## What you are asked to do
Leave the images out. Give every line below again, precisely.

(Recorded data)
==*==

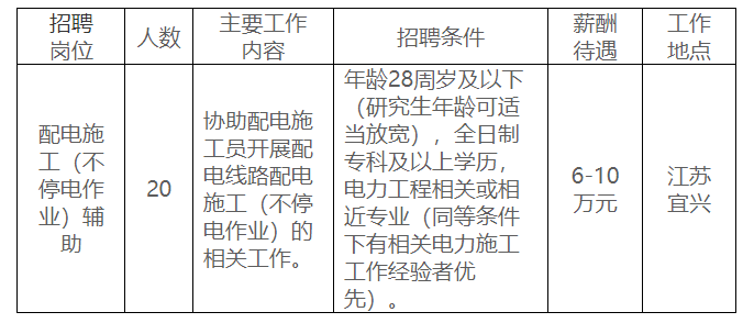 本批次計(jì)劃招聘配電施工(不停電作業(yè))輔助人員20名,具體如下:
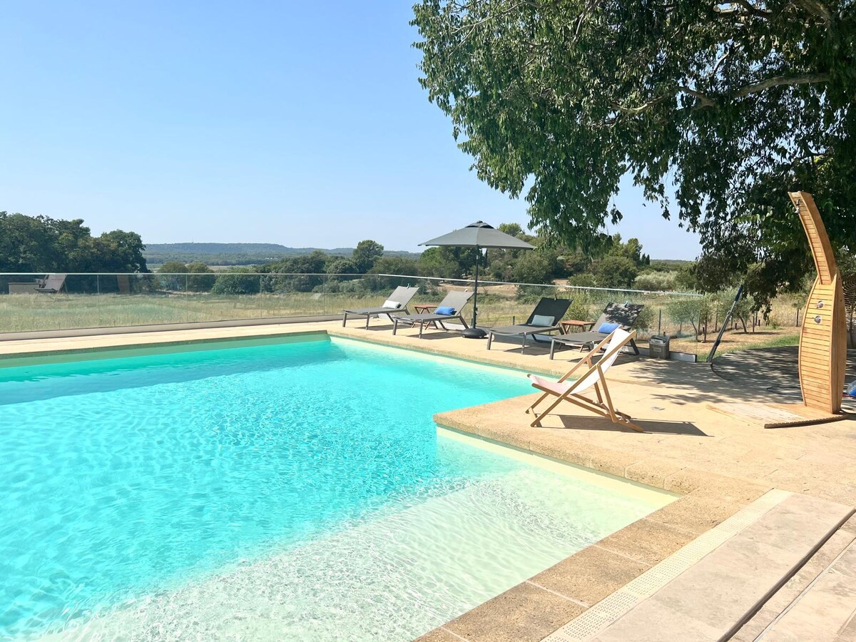 Relájese en este alojamiento tranquilo y elegante. Situado en Sussargues en el Hérault, en el corazón de los viñedos y la Garrigues, a 25 minutos de Montpellier y la playa, en un pequeño pueblo con todas las comodidades, este estudio le hará viajar gracias a su decoración. El estudio es adyacente a nuestra casa donde vivimos con nuestros 2 hijos. Agradable piscina, tratada con sal, al abrigo de las miradas. Jardín y gran terraza.
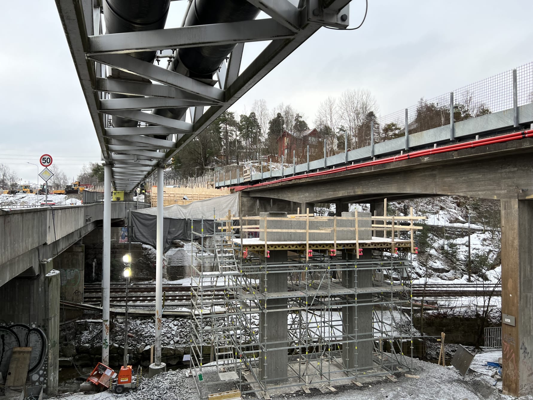 SKAL BÆRE TUNGT: De to søylene som skal bære nye Bryn bru over Alnaelva og Hovedbanen har reist seg de siste månedene.
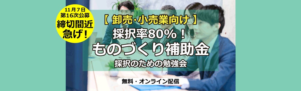 【卸売・小売業向け】採択率80%!ものづくり補助金 採択のための勉強会【助成金なう】
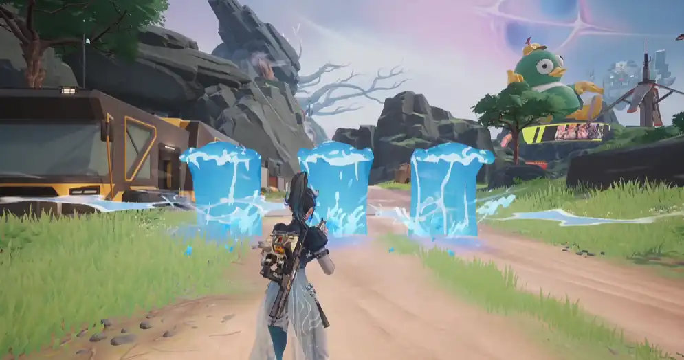 技能2:潜龙,下潜之后化为潜龙形态跳出水面,获取减伤效果,且移动速度得到提高,这种形态下脱离战斗且位于水域时,会自动回复自身生命值,维持潜龙的形态是需要消耗能量的,但是并没有CD,她处于该形态是能使用水遁和湍流领域的。
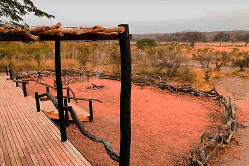 The central lounge, bar and dining room area has a beautiful wooden deck with sweeping views over the surrounding plains. Below the deck is the fire pit and entertainment area.  Entertainment is regularly organized in the form of a local group from Deka called Ingonyama. These creative actors do amazing impersonations of wild animals and traditional dancing.
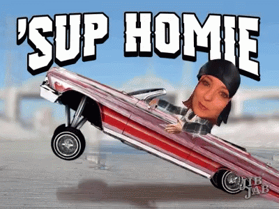 Paglalarawan ng Content: a picture of a woman in a lowrider car with the caption " sup homie "
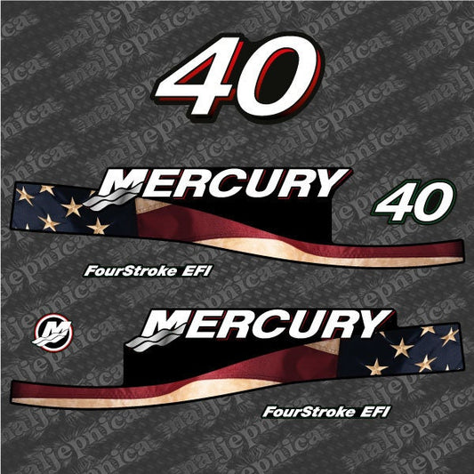 Mercury 40 Four Stroke EFI 2005-2007 US3 Flag / Vintage outboard decal sticker set

==*==

## Output below
 本批次計(jì)劃招聘配電施工(不停電作業(yè))輔助人員20名,具體如下:
 Relájese en este alojamiento tranquilo y elegante. Situado en Sussargues en el Hérault, en el corazón de los viñedos y la Garrigues, a 25 minutos de Montpellier y la playa, en un pequeño pueblo con todas las comodidades, este estudio le hará viajar gracias a su decoración. El estudio es adyacente a nuestra casa donde vivimos con nuestros 2 hijos. Agradable piscina, tratada con sal, al abrigo de las miradas. Jardín y gran terraza.
 SKAL BÆRE TUNGT: De to søylene som skal bære nye Bryn bru over Alnaelva og Hovedbanen har reist seg de siste månedene.
 【卸売・小売業向け】採択率80%!ものづくり補助金 採択のための勉強会【助成金なう】
 技能2:潜龙,下潜之后化为潜龙形态跳出水面,获取减伤效果,且移动速度得到提高,这种形态下脱离战斗且位于水域时,会自动回复自身生命值,维持潜龙的形态是需要消耗能量的,但是并没有CD,她处于该形态是能使用水遁和湍流领域的。
 The central lounge, bar and dining room area has a beautiful wooden deck with sweeping views over the surrounding plains. Below the deck is the fire pit and entertainment area.  Entertainment is regularly organized in the form of a local group from Deka called Ingonyama. These creative actors do amazing impersonations of wild animals and traditional dancing.
 Paglalarawan ng Content: a picture of a woman in a lowrider car with the caption " sup homie "
 Mercury 40 Four Stroke EFI 2005-2007 US3 Flag / Vintage outboard decal sticker set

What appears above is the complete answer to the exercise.